Why am I a wedding photographer. To be honest, I don't know why I started... But I do know why I decided to jump in headfirst and not look back .
The dream was to work for a magazine as a layout/creative designer. I love working with graphics, type, and images. Photography was just something I enjoyed and was used alongside my design work as a creative outlet or as content for a project. I studied graphic design for 2 years in upstate New York, but because of an unfortunate situation with my health I had to come home before my degree was finished. It's hard for me to write that even after all these years because I hate leaving things unfinished. But I had to be honest with myself and realize that it was time to take care of myself.
So I came back home, moved back in with my parents, and needed a job. It was humbling and not where I thought I would be at 21. Some old acquaintances had gotten ahold of me asking if I'd do some photos for them, and I thought why not! It would be fun! I didn't think it would be something I'd really continue with, my heart was still set on design and most likely going back to school to finish my degree. I applied for a job at a variety of places (basically anything and everything I could find that was hiring) but after not having any luck (like as in not even a response!) I decided to pursue my photography a little more seriously... Maybe it could work? And I am so grateful I didn't get a job in town. It pushed me to put my whole heart into making this work.
My journey went from photographing mostly family, newborn, and the occasional couple's session, and one wedding in the beginning, to still offering any type of session from families to newborn but doing four or five weddings the following summer. I still hadn't let myself fully invest in being a photographer, and I honestly didn't feel like I could identify with the photography community at this point.
That dream that used to be so big and bright and sparkling was now only a small glimmer.

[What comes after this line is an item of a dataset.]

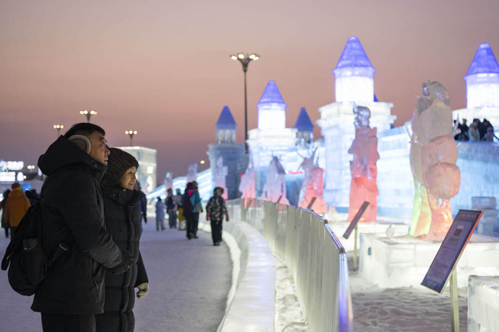 2025年1月22日,在哈尔滨冰雪大世界园区,游客观赏哈尔滨国际冰雕比赛参赛作品。

I was creatively drained, I critiqued my work constantly, never satisfied. I stressed that I wasn't good enough, feeling completely out of my element before shoots instead of excited and confidently anticipating capturing a part of someone's story. I had to make a decision. I did a lot of soul searching. Digging deep trying to figure out what I needed to do. I could go back to school, try to start my own graphic design business, or continue being a photographer. I knew what I wanted to do, but I also knew what I needed to do. I needed to be a photographer. I needed to be in a place where I created work that moved me, that moved others. Something that moved people's hearts, and maybe even touch their souls. At this point I had really started to enjoy photographing weddings and love stories and decided that if I was going to do this, I would do it well. I would do it fully. I would jump headfirst and fully open my heart to this. I needed to.
I started to really focus on advertising weddings, still working on my brand and learning lots about the industry along the way. Once I had removed the obstacle that was holding me back from really growing my business (which ironically was myself and my trouble with fully committing to this), I felt so much lighter.
It finally felt right. This past year I was able to shoot nineteen weddings, eight being within a four week span and yes it was as crazy as it sounds, but goodness it was fun! I'm still working on where exactly I feel is a good fit for me in the wedding industry, but I know one thing is for sure.
Honest and true love is beautiful and those love stories needed to be told.
To me it's not about how large, small, fancy, casual of a wedding you have. It's about being unique to yourself as a couple. Being true and real every step of the way. Your wedding or elopement should be a representation of you two as a couple.